Но император не мог быть повсюду…
Кроме того, Наполеон силой собственных военных дарований и собственной личности мог компенсировать нехватку 20 или 30 тысяч человек – но нехватку сотни тысяч не мог компенсировать даже он. Это показало сражение под Лейпцигом. Значит, при случае можно идти даже и на генеральное сражение…
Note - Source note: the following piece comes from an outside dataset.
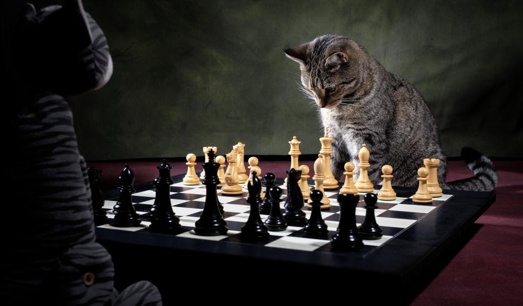 Обои Серый кот играет в шахматы
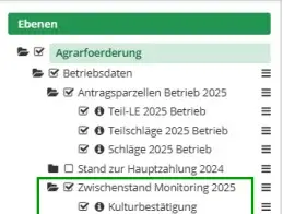 Um zu prüfen, ob die Kultur, die im Betriebsprämienantrag angegeben, auch anerkannt worden ist, sind im Bereich „Ebenen“ folgende Kreuze zu setzen:

Наконец, наиболее дельный совет Александр Первый получил от Поццо ди Борго. После очередной победы Наполеона в битве при Арси-сюр-Об, когда он превзошел английскую оценку «формулы Наполеона» вдвое – c 23 тысячами новобранцев разбил 60-тысячную армию австрийцев, – Поццо ди Борго на военном совете сказал Александру следующее:
«…Цель войны – в Париже. Пока вы будете думать о сражениях, вы рискуете быть разбитыми, потому что Наполеон всегда будет давать битвы лучше, чем вы, и потому что его армия, хотя и недовольная, но поддерживаемая чувством чести, даст себя перебить до последнего человека, пока Наполеон около нее. Как бы ни было потрясено его военное могущество, оно еще велико, очень велико, больше вашего могущества. Но его политическое могущество уничтожено. Времена изменились. Военный деспотизм был принят как благодеяние на другой день после революции, но погиб теперь в общественном мнении. Нужно стремиться кончить войну не военным способом, а политическим… Коснитесь Парижа только пальцем, и колосс Наполеон будет низвергнут, вы этим сломаете его меч, который вы не в состоянии вырвать у него…»
То, что Париж плохо защищен, Наполеону было известно. Его брат Жозеф писал ему еще 9 февраля, что в городе, помимо того оружия, которое есть у солдат регулярной армии, есть всего 6000 мушкетов, так что ни на какое ополчение рассчитывать невозможно.
Меневаль отмечал в своих записках, что многие из видных придворных Наполеона уже открыто становятся на сторону союзников – и первым он называл Талейрана. Императрица сказала Меневалю, что, несмотря на все победы ее мужа, дела идут так плохо, что «…визита войск союзников в Париж...» можно ожидать в любую минуту.